The reference image for the AVHRR scenes is the file avhrr map, available at the ftp site. The scenes listed in the table are images taken by the satellite at different times of the same day, as indicated in the file name. In each case, the input image differs from the reference image by a pure translation.
For each input image, we present the angle, horizontal and vertical offsets from the reference image in columns two through four. In each case, the scale parameter automatically rounded up to one, as expected.
In columns five through seven we present our measurement of the performance of the algorithm as times required to input/output images to and from the algorithm, to perform the wavelet compression, and to perform the registration.
This computations were executed in a workstation alpha-dec-osf3.2.
Although the registration of the GIRL and TM images is good, significant
deviations were noticed in the AVHRR images, particularly for sa1411. We
attribute this deviation to extensive cloud coverage in the image. We discuss
this situation in the conclusions, Section 5.

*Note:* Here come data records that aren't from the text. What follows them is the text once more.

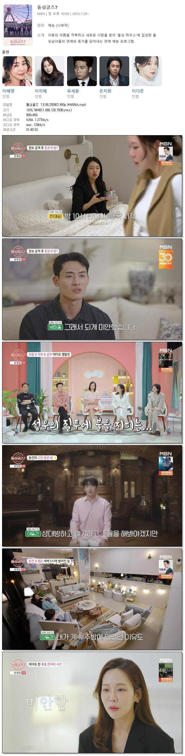 [MBN] 돌싱글즈 7.E08.250907.450p.WANNA[이혜영, 이지혜].mp4
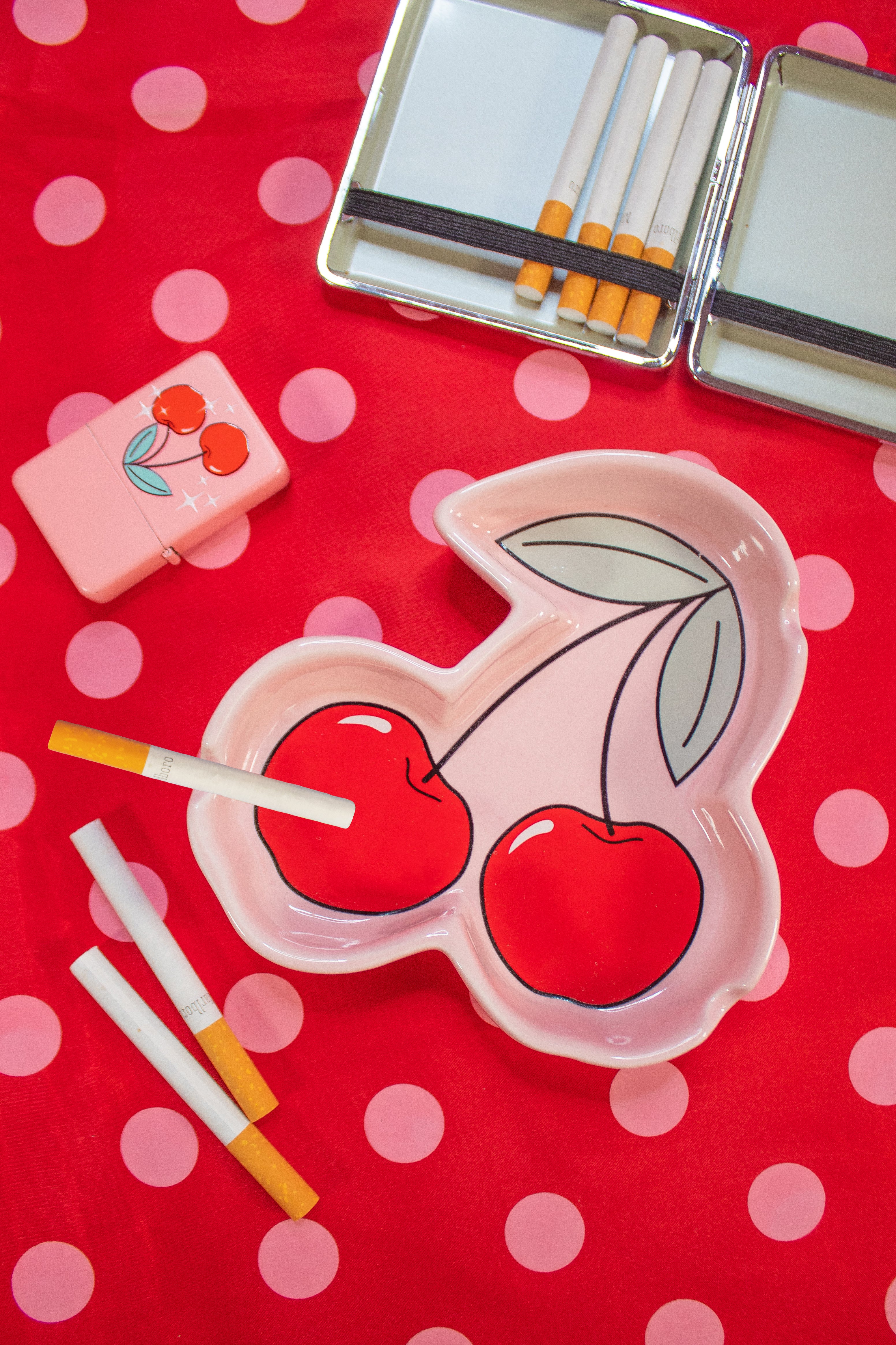 Designed by me, the girl writing this copy and taking these photos lol, this ashtray is handcrafted of substantial ceramic in a cherry shape. It matches our cherry grinder!
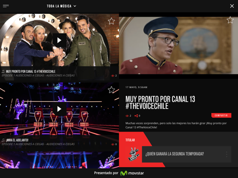 The Voice Chile Aplicación oficial, te permite vivir nuestro programa en primera fila disfrutando de videos exclusivos, conociendo las historias y escuchando las voces de los participantes. Aquí entérate de todo lo que pasa con las últimas noticias de los talentos y coach. Con la Aplicación oficial de The Voice podrás:
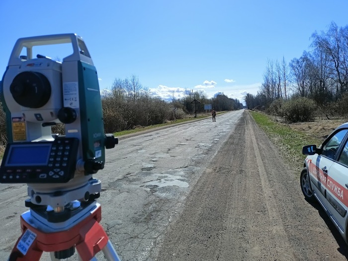 Не теряя время, приступаем и к практической части, а именно проводим разбивочные работы уже непосредственно на дороге силами геодезистов.
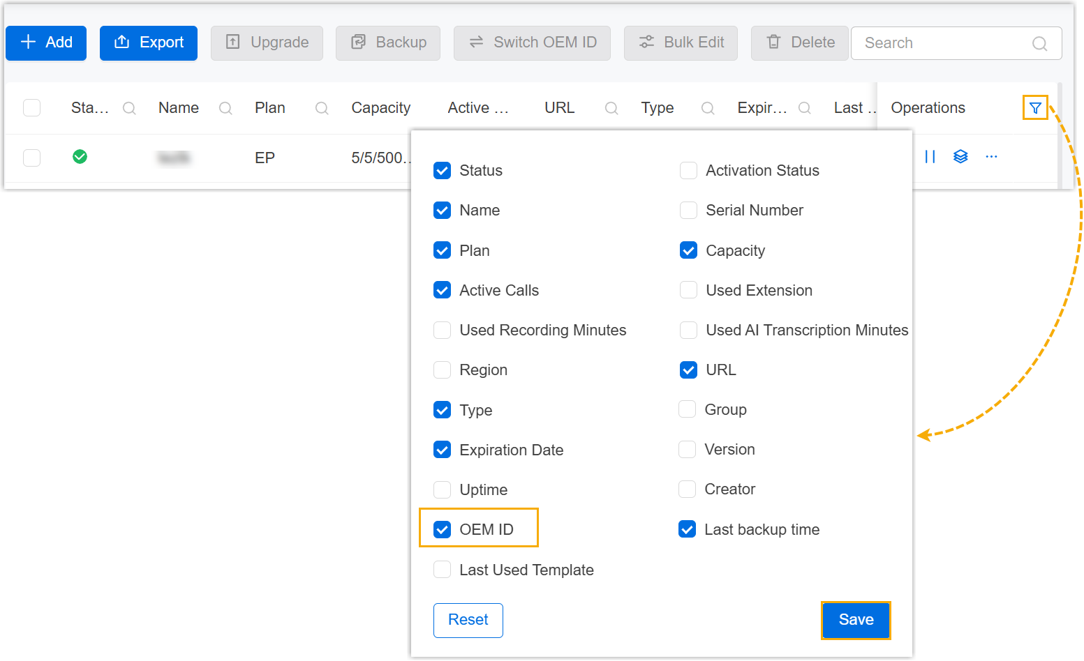 - In the Cloud PBX list, set the column to display PBX's OEM ID.
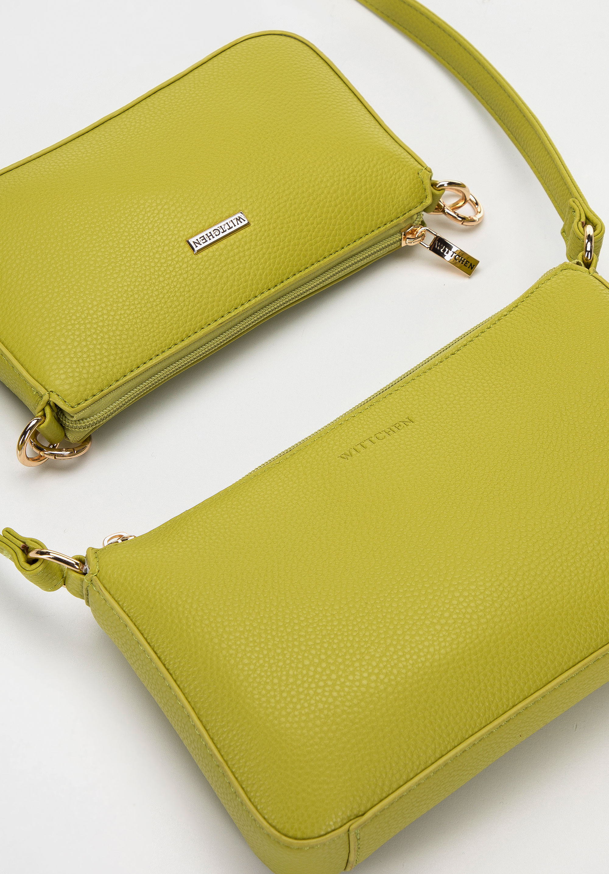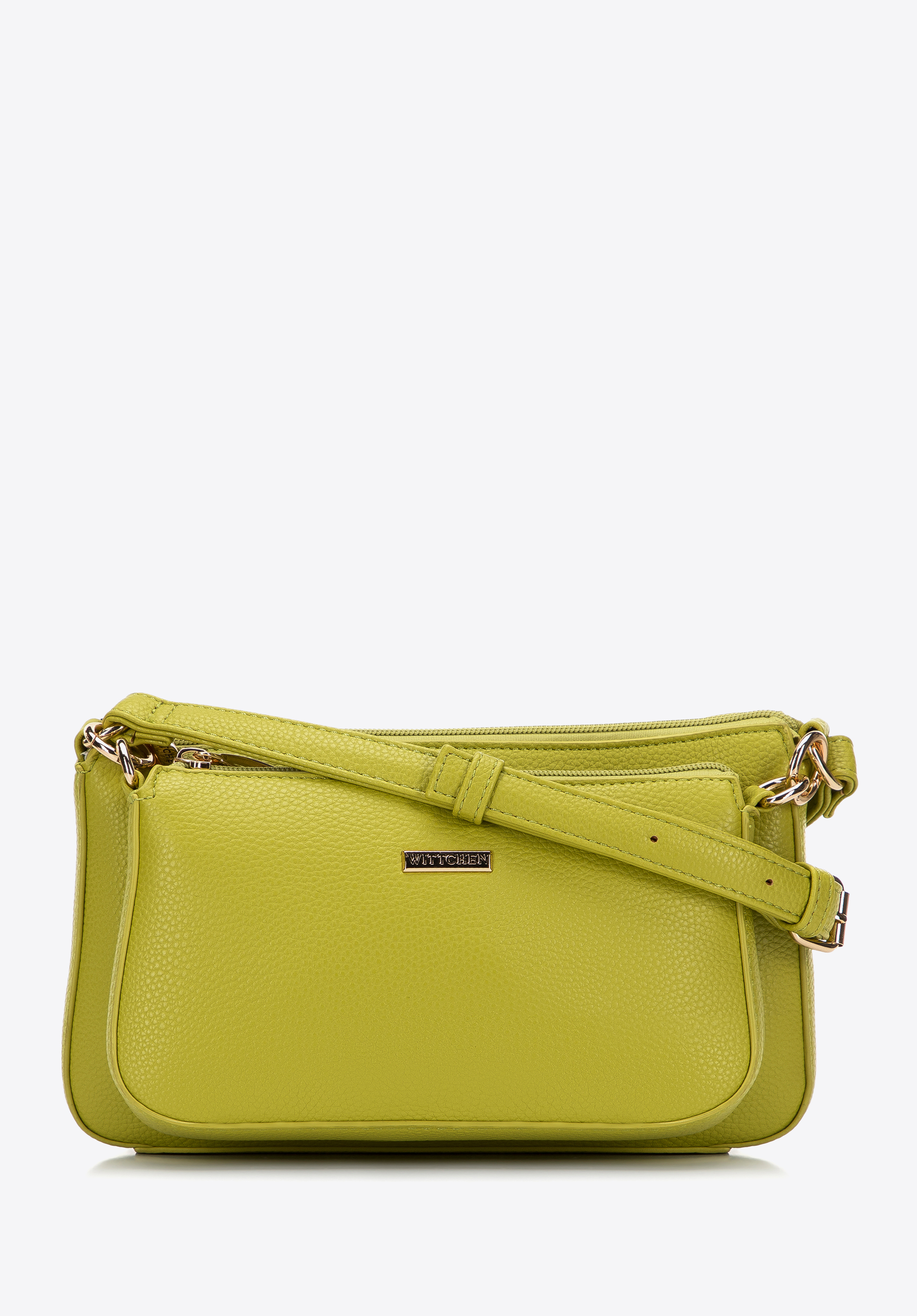 Acest accesoriu practic și unic este o alegere excelentă pentru multe sezoane viitoare. Concepute cu două genți separate din piele artificială, există o gamă de stiluri: aceste genți de mână pot fi purtate separat sau ca o singură piesă. O curea de umăr din lanț detașabilă adaugă o notă de strălucire acestui accesoriu. În interior puteți încăpea un portofel, telefon, șervețele, câteva articole de toaletă și obiecte mici. O geantă de mână dublă din piele artificială de damă cu o curea de umăr decorativă din lanț va arăta grozav cu rochia ta de cocktail preferată, pantaloni chino și o cămașă.

The algorithm has two major shortcomings. First, because wavelet decompositions are neither translation nor rotation invariant, selecting the compression and thresholding filters is intricate. Small variations in the registration parameters do not necessarily result in small changes to the compression and thresholding filters. The stability loop based upon the SVD computations allow us to minimize the production of artifacts at the compression stage and to lessen the impact on the computation of the rotation parameter; however, the algorithm remains vulnerable in the computation of the translation parameter. We are examining how preprocessing the images with a Hough transform or edge detector might mitigate these conditions for this version of the algorithm.
Second, the images which the algorithm ingests must inherently have within them a sufficient number of control points, sufficiently distributed spatially, in order to function successfully. In particular, the algorithm is noticeably unsuccessful on images present scenes obscured significantly by clouds. This was seen in the validation tests of Section 4, where the algorithm gives reasonable results for AVHRR images depicting basically cloudless scenes, but unreasonable results for the AVHRR image depicting a cloud filled scene.
In the next version of the algorithm we anticipate correcting this second shortcoming by pre-processing images with cloud filtering algorithms, as they become available. In particular, such algorithms based upon fractal cloud models and multi-spectral feature extraction methods appear particularly promising.
We anticipate correcting the first shortcoming in the next version of
the algorithm by refining the compression stage through the introduction
of a steerable pyramid [2]. A steerable pyramid is an overcomplete wavelet
transform which produces a representation that is almost translation invariant
(subbands are aliasing-free) and rotation invariant (subbands are steerable).
We anticipate this tool will stabilize the filter selection processes and
result in a more accurate computation of the translation parameters.
[2] Simoncelli, E. P. and Freeman, W. T. The steerable pyramid: a flexible architecture for multiscale derivative computation. IEEE Second Int'l Conf. on Image Processing, Washington D.C., 1995.
[3] Trefethen, L. N. and Bau, D. Numerical Linear Algebra. SIAM, Philadelphia, PA, 1997.
[4] Wickerhauser, M. V. Adapted Wavelet Analysis from Theory to Software. A. K. Peters, Ltd., Wellesley, MA, 1995.